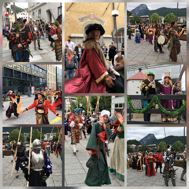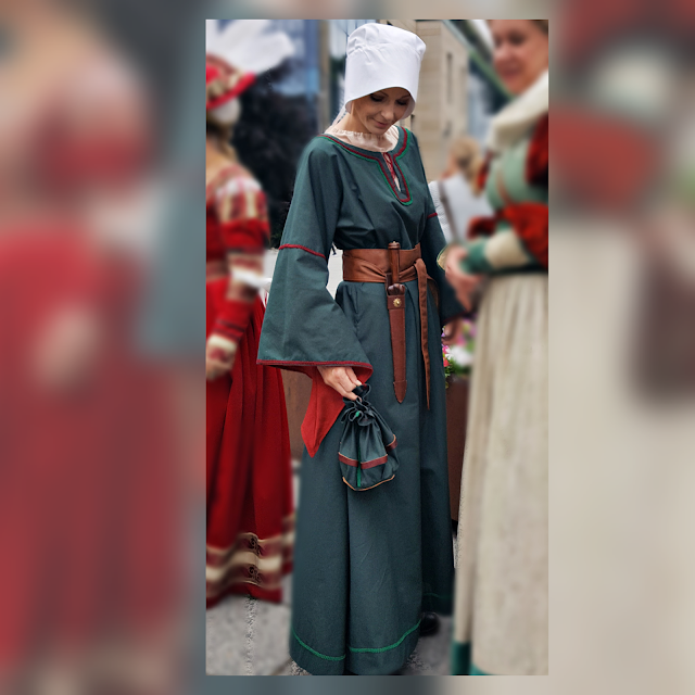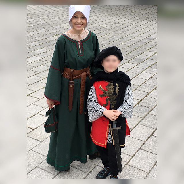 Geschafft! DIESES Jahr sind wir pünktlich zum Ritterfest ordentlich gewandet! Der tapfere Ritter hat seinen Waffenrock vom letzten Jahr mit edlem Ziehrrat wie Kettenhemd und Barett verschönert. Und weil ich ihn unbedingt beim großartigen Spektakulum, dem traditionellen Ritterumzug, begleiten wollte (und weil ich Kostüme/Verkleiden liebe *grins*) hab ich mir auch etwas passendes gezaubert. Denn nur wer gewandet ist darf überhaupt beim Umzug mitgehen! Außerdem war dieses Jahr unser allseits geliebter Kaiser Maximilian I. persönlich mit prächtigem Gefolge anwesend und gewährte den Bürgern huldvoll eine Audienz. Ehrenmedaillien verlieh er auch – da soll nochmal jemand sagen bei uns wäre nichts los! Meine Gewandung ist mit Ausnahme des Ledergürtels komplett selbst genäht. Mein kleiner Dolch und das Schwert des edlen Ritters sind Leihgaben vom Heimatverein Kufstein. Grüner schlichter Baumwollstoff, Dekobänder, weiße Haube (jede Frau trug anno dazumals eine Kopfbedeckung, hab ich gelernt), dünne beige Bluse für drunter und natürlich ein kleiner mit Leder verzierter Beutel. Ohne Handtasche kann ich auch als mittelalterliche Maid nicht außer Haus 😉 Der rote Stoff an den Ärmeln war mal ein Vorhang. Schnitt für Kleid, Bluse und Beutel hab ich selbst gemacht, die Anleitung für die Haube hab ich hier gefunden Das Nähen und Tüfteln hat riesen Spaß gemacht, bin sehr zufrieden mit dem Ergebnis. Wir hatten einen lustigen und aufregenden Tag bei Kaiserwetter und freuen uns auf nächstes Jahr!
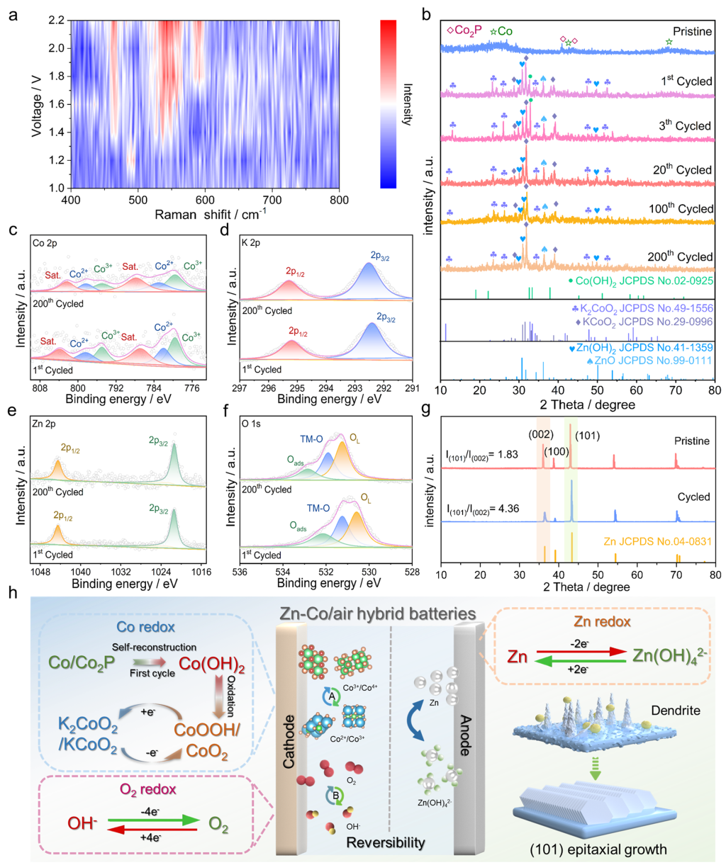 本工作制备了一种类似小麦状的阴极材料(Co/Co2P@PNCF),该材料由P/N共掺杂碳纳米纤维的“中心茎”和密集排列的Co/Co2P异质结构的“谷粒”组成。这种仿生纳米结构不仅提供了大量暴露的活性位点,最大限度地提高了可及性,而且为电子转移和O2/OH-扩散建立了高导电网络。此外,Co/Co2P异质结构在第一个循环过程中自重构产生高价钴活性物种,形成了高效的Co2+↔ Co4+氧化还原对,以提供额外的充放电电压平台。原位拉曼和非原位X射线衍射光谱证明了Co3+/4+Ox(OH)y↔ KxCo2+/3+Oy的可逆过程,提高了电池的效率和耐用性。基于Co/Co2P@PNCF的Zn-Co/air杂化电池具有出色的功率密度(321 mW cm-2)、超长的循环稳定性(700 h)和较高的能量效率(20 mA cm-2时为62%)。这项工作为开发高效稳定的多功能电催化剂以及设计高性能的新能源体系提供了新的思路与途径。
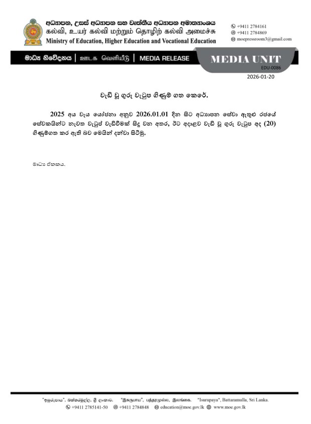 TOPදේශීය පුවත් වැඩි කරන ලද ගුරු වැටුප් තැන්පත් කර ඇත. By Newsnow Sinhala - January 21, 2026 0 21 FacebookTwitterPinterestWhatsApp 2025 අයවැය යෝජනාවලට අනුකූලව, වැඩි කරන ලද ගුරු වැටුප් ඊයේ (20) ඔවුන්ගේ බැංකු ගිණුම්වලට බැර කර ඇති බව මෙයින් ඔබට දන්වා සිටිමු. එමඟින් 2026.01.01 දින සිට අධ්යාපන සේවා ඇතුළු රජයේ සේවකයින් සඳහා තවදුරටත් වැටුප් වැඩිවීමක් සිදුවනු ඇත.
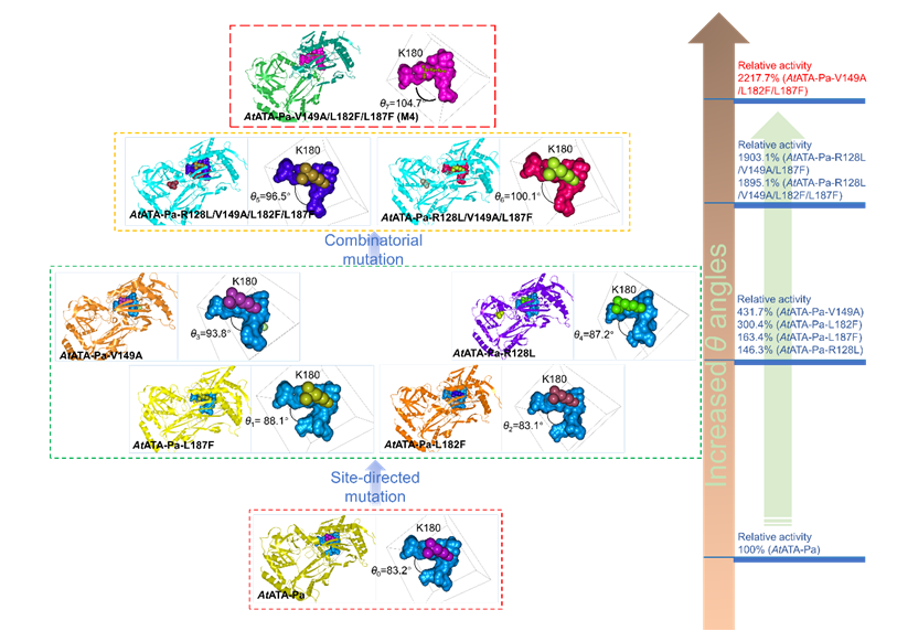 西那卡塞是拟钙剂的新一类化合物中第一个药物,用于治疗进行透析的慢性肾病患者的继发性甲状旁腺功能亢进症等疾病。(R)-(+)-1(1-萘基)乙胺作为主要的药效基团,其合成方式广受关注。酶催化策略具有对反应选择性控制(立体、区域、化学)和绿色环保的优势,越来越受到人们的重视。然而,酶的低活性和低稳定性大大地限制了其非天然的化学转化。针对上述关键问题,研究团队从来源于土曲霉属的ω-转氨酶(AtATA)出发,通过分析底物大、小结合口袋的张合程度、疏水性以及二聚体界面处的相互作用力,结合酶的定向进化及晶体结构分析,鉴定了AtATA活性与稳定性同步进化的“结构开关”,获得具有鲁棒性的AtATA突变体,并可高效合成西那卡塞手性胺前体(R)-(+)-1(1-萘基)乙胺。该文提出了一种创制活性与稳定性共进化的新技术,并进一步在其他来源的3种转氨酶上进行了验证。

════════════════

[YOUR TASK] Everything in the material except the pictures should be restated word for word.

[TASK OUTPUT]
 Geschafft! DIESES Jahr sind wir pünktlich zum Ritterfest ordentlich gewandet! Der tapfere Ritter hat seinen Waffenrock vom letzten Jahr mit edlem Ziehrrat wie Kettenhemd und Barett verschönert. Und weil ich ihn unbedingt beim großartigen Spektakulum, dem traditionellen Ritterumzug, begleiten wollte (und weil ich Kostüme/Verkleiden liebe *grins*) hab ich mir auch etwas passendes gezaubert. Denn nur wer gewandet ist darf überhaupt beim Umzug mitgehen! Außerdem war dieses Jahr unser allseits geliebter Kaiser Maximilian I. persönlich mit prächtigem Gefolge anwesend und gewährte den Bürgern huldvoll eine Audienz. Ehrenmedaillien verlieh er auch – da soll nochmal jemand sagen bei uns wäre nichts los! Meine Gewandung ist mit Ausnahme des Ledergürtels komplett selbst genäht. Mein kleiner Dolch und das Schwert des edlen Ritters sind Leihgaben vom Heimatverein Kufstein. Grüner schlichter Baumwollstoff, Dekobänder, weiße Haube (jede Frau trug anno dazumals eine Kopfbedeckung, hab ich gelernt), dünne beige Bluse für drunter und natürlich ein kleiner mit Leder verzierter Beutel. Ohne Handtasche kann ich auch als mittelalterliche Maid nicht außer Haus 😉 Der rote Stoff an den Ärmeln war mal ein Vorhang. Schnitt für Kleid, Bluse und Beutel hab ich selbst gemacht, die Anleitung für die Haube hab ich hier gefunden Das Nähen und Tüfteln hat riesen Spaß gemacht, bin sehr zufrieden mit dem Ergebnis. Wir hatten einen lustigen und aufregenden Tag bei Kaiserwetter und freuen uns auf nächstes Jahr!
 本工作制备了一种类似小麦状的阴极材料(Co/Co2P@PNCF),该材料由P/N共掺杂碳纳米纤维的“中心茎”和密集排列的Co/Co2P异质结构的“谷粒”组成。这种仿生纳米结构不仅提供了大量暴露的活性位点,最大限度地提高了可及性,而且为电子转移和O2/OH-扩散建立了高导电网络。此外,Co/Co2P异质结构在第一个循环过程中自重构产生高价钴活性物种,形成了高效的Co2+↔ Co4+氧化还原对,以提供额外的充放电电压平台。原位拉曼和非原位X射线衍射光谱证明了Co3+/4+Ox(OH)y↔ KxCo2+/3+Oy的可逆过程,提高了电池的效率和耐用性。基于Co/Co2P@PNCF的Zn-Co/air杂化电池具有出色的功率密度(321 mW cm-2)、超长的循环稳定性(700 h)和较高的能量效率(20 mA cm-2时为62%)。这项工作为开发高效稳定的多功能电催化剂以及设计高性能的新能源体系提供了新的思路与途径。
 TOPදේශීය පුවත් වැඩි කරන ලද ගුරු වැටුප් තැන්පත් කර ඇත. By Newsnow Sinhala - January 21, 2026 0 21 FacebookTwitterPinterestWhatsApp 2025 අයවැය යෝජනාවලට අනුකූලව, වැඩි කරන ලද ගුරු වැටුප් ඊයේ (20) ඔවුන්ගේ බැංකු ගිණුම්වලට බැර කර ඇති බව මෙයින් ඔබට දන්වා සිටිමු. එමඟින් 2026.01.01 දින සිට අධ්යාපන සේවා ඇතුළු රජයේ සේවකයින් සඳහා තවදුරටත් වැටුප් වැඩිවීමක් සිදුවනු ඇත.
 西那卡塞是拟钙剂的新一类化合物中第一个药物,用于治疗进行透析的慢性肾病患者的继发性甲状旁腺功能亢进症等疾病。(R)-(+)-1(1-萘基)乙胺作为主要的药效基团,其合成方式广受关注。酶催化策略具有对反应选择性控制(立体、区域、化学)和绿色环保的优势,越来越受到人们的重视。然而,酶的低活性和低稳定性大大地限制了其非天然的化学转化。针对上述关键问题,研究团队从来源于土曲霉属的ω-转氨酶(AtATA)出发,通过分析底物大、小结合口袋的张合程度、疏水性以及二聚体界面处的相互作用力,结合酶的定向进化及晶体结构分析,鉴定了AtATA活性与稳定性同步进化的“结构开关”,获得具有鲁棒性的AtATA突变体,并可高效合成西那卡塞手性胺前体(R)-(+)-1(1-萘基)乙胺。该文提出了一种创制活性与稳定性共进化的新技术,并进一步在其他来源的3种转氨酶上进行了验证。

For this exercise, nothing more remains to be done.